● **Activity**
The records that follow must be repeated exactly, except for their pictures.

● **Entries taken from a collection**

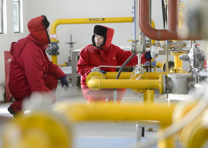 Technicians at Petro China's Xinjiang Oilfield Company make routine checks of equipment in early February in Karamay, Xinjiang Uygur autonomous region. [Photo by Zhao Ge/Xinhua]
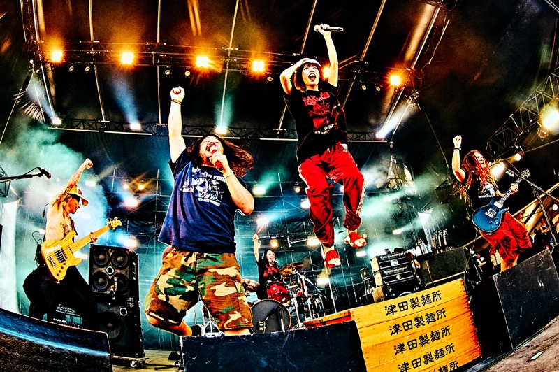 そして共に恋の呪文“麺カタコッテリ!”を決めながら、ラストに炸裂するのは「恋のスペルマ」。コーラスの“スペルマ”を一緒に歌い叫べば、強い愛が太陽が丘を支配する。それを目にしてマキシマム ザ ホルモンは、愛情がにじみ出た爆音をこれでもかと浴びせ続ける。ひもじい思いでいっぱいだった腹ペコは、快楽のサークルモッシュやクラウドサーフを起こし、スペルマ!と至福の表情。
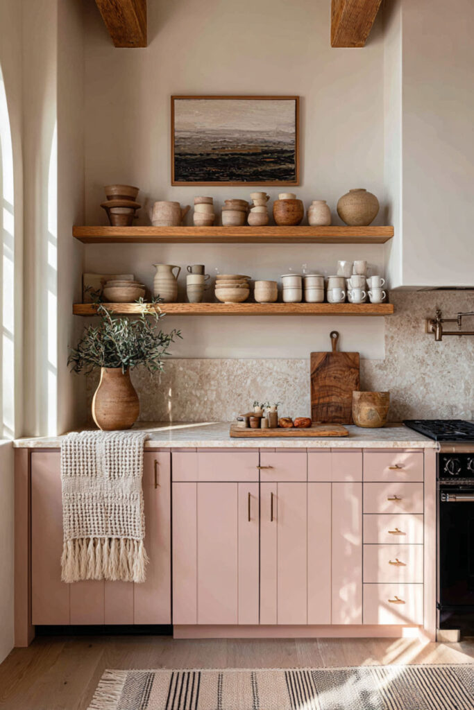 I recommend cream-painted floating shelves mounted on a pale pink wall, styled with white plates, glass jars, and one or two pink accent pieces. The cream and pink blend seamlessly, and the objects on the shelves pop just enough to be noticed without demanding attention. Pale pink kitchen cabinets with cream shelving — a combination so quiet it almost whispers. And in a calm, light-filled kitchen, a whisper is exactly loud enough.
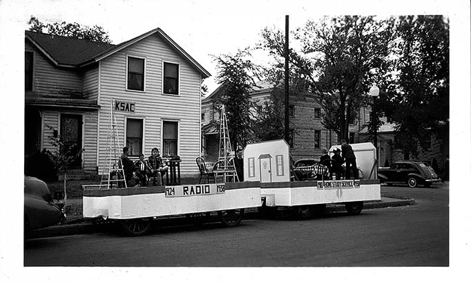 KSC Home Sturdy Service float and KSAC Radio float, 75th Anniversary Parade, Manhattan, KS, October 29, 1938
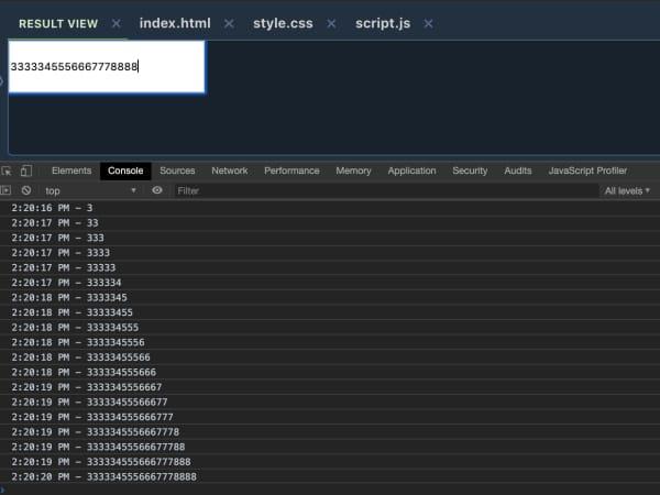 Kết quả thì có khác đôi chút nhé các bạn. Ở đây bạn nhìn kỹ ở đây thì bán sẽ thấy, cứ 1s thì sự kiện được kích hoạt, và cứ thế cho đến khi người dùng không còn nhập tìm kiếm nữa.
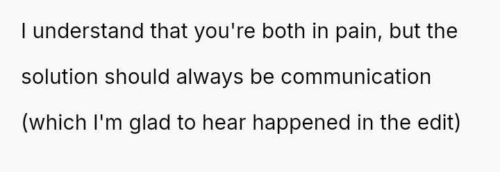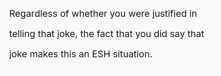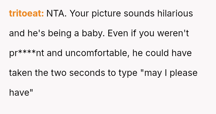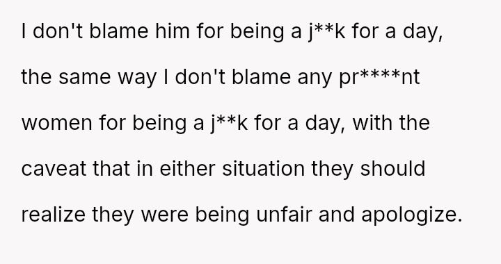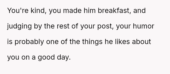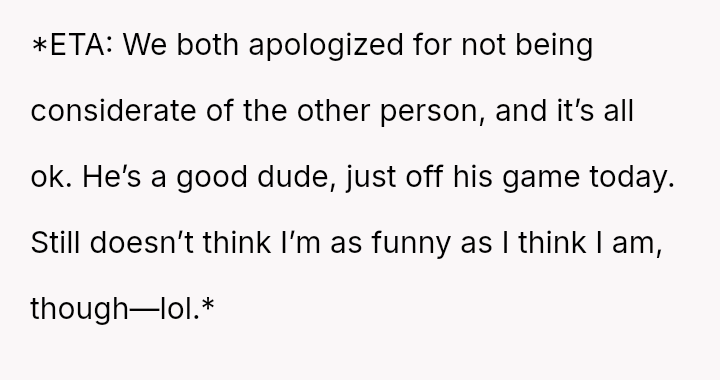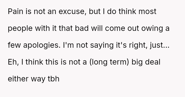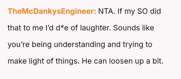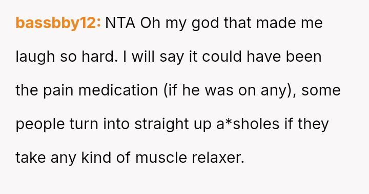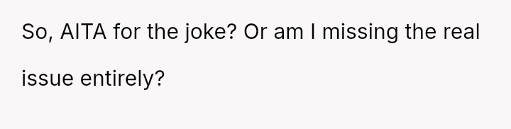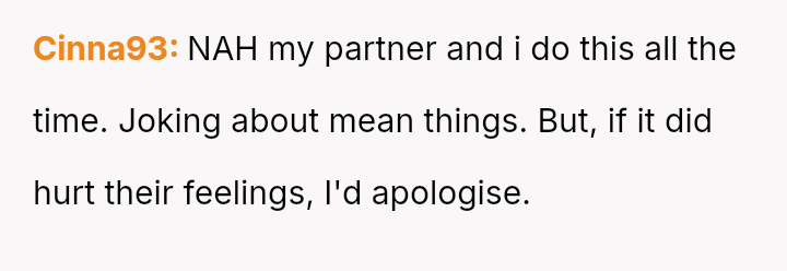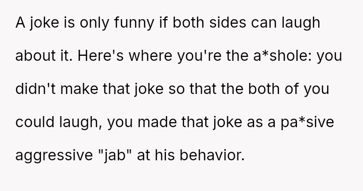 The core question remains whether humor about perceived selfishness is an acceptable release valve in a relationship, even when one partner is genuinely suffering.
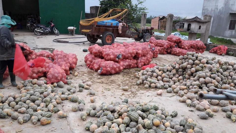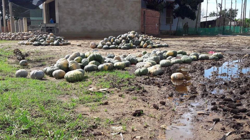 Thương lái không thu mua dẫn đến số bí thu hoạch được không có đầu ra để tiêu thụ...

● **Exercise output**
 Technicians at Petro China's Xinjiang Oilfield Company make routine checks of equipment in early February in Karamay, Xinjiang Uygur autonomous region. [Photo by Zhao Ge/Xinhua]
 そして共に恋の呪文“麺カタコッテリ!”を決めながら、ラストに炸裂するのは「恋のスペルマ」。コーラスの“スペルマ”を一緒に歌い叫べば、強い愛が太陽が丘を支配する。それを目にしてマキシマム ザ ホルモンは、愛情がにじみ出た爆音をこれでもかと浴びせ続ける。ひもじい思いでいっぱいだった腹ペコは、快楽のサークルモッシュやクラウドサーフを起こし、スペルマ!と至福の表情。
 I recommend cream-painted floating shelves mounted on a pale pink wall, styled with white plates, glass jars, and one or two pink accent pieces. The cream and pink blend seamlessly, and the objects on the shelves pop just enough to be noticed without demanding attention. Pale pink kitchen cabinets with cream shelving — a combination so quiet it almost whispers. And in a calm, light-filled kitchen, a whisper is exactly loud enough.
 KSC Home Sturdy Service float and KSAC Radio float, 75th Anniversary Parade, Manhattan, KS, October 29, 1938
 Kết quả thì có khác đôi chút nhé các bạn. Ở đây bạn nhìn kỹ ở đây thì bán sẽ thấy, cứ 1s thì sự kiện được kích hoạt, và cứ thế cho đến khi người dùng không còn nhập tìm kiếm nữa.
 The core question remains whether humor about perceived selfishness is an acceptable release valve in a relationship, even when one partner is genuinely suffering.
 Thương lái không thu mua dẫn đến số bí thu hoạch được không có đầu ra để tiêu thụ...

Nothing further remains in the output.